Prime Minister George A. Papandreou of Greece faced a confidence vote on Friday after calling off a referendum on Greece’s new rescue deal with its international creditors. Meanwhile, a meeting in France of G-20 leaders wrapped up without bringing in commitments of funds to prop up Europe’s bailout fund.

While the debt crisis in Europe has unsettled global financial markets for more than a year, analysts were also watching on Friday for any insight that the monthly jobs report in the United States would provide on the pace of the nation’s recovery.

But it revealed only a modest improvement. The Department of Labor reported that employers in the United States added 80,000 jobs in October, slightly below economists’ forecasts, compared with 158,000 jobs in September.

The Euro Stoxx 50 index, a barometer of euro zone blue chips, closed down 2.4 percent. The German DAX was down 2.7 percent and the CAC 40 in Paris was down 2.2 percent. The FTSE 100 index in London ended the day 0.3 percent lower.

In afternoon trading on Wall Street, the Standard & Poor’s 500-stock index was down about 1 percent, as was the Dow Jones industrial average. The Nasdaq composite index was down 0.7 percent.

The United States benchmark 10-year bond yield was 2.052 percent, compared with 2.074 percent on Thursday.

Financial stocks were down 1.5 percent in the United States, the worst performing sector on the broader market.

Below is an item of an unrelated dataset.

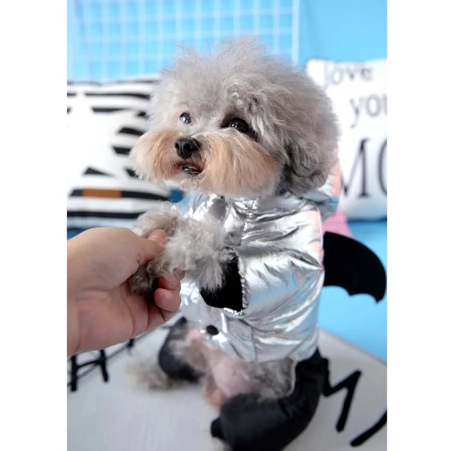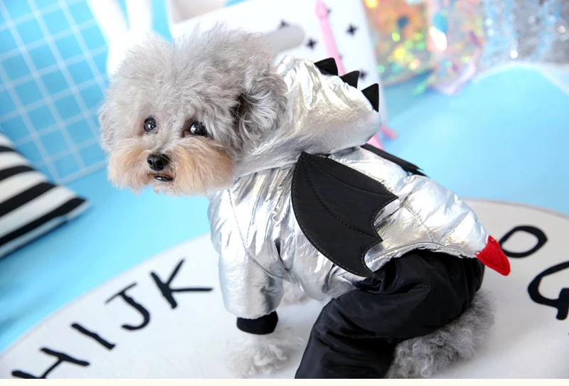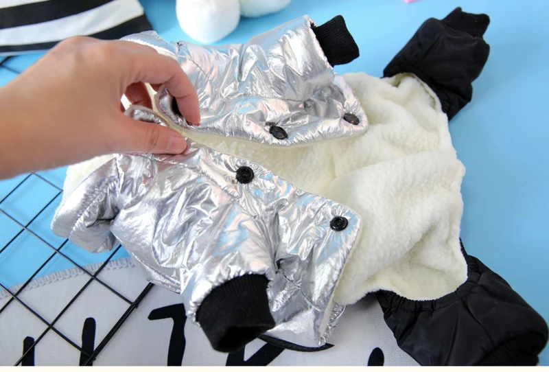 Mono impermeable de invierno para perros, chaqueta con forro polar para perros pequeños, ropa plateada para cachorros, atuendo de cuatro patas para Yorkshire

Following the bankruptcy filing this week of MF Global in the United States, “investors are watching their backs for other troubled financials,” said Guy LeBas, the chief fixed income strategist for Janney Montgomery Scott.

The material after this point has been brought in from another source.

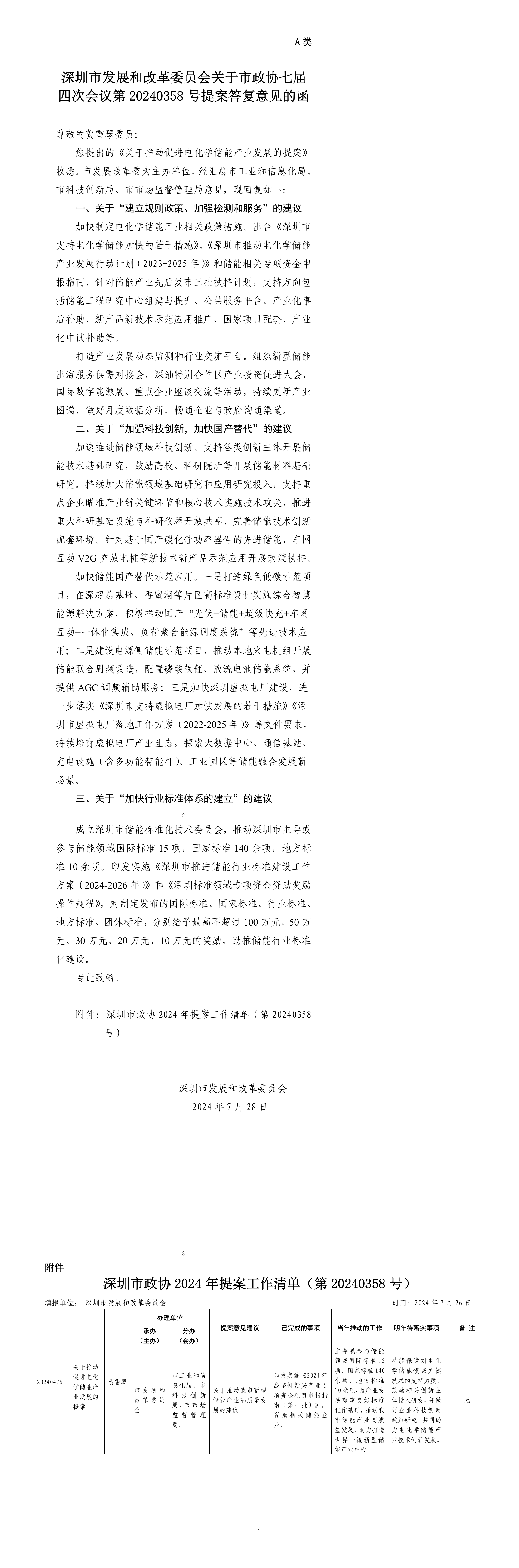 深圳市发展和改革委员会关于市政协七届四次会议第20240358号提案答复意见的函

Also this week, borrowing costs in Europe for the most troubled economies have been pushing up again to worrying levels.

Italian bonds, among the most pressured, have hit yield levels that mark the most expensive 10-year money the country has borrowed since joining the euro, making it even more difficult to reduce the overall debt load.

On Friday, the yield on 10-year bonds in Italy climbed again to 6.35 percent, up from 6.181 percent.

Mr. LeBas said that it could be a combination of factors causing bond prices to decline, including the “dragging on” of the uncertainty in Greece and the inability of the G-20 leaders to muster funds for the European bailout. One step that emerged from the G-20 meeting, however, was Italy’s decision to have the International Monetary Fund monitor its belt-tightening efforts.

“Looking ahead, while Greece is front and center now, the core problem for the euro zone is how to mitigate contagion to Italy,” said currency strategists from Brown Brothers Harriman in a research note. The euro was $1.3759 on Friday, down from $1.3823 on Thursday.

In addition to Europe and the economic data in the United States, investors have also been scrutinizing corporate reports, which in recent weeks have somewhat steadied the American market amid the turmoil that filtered through from the euro zone.

On Friday, all of the major sectors in the broader market were lower, but some companies appeared to curb any steeper declines.

Starbucks, for example, was up more than 7 percent after delivering fiscal fourth quarter earnings that beat estimates, and was the most widely traded stock of the consumer companies, propping them up as a group which fell less than 1 percent.

Genworth Financial, for its part, was one of the most widely traded stocks, and one of the few to rise, in the financial sector. Its share hurtled past 16 percent after reporting better-than-expected third-quarter earnings per share.

Groupon Inc. shares were up more than 40 percent at $28.80 at one point during Friday’s session, its trading debut.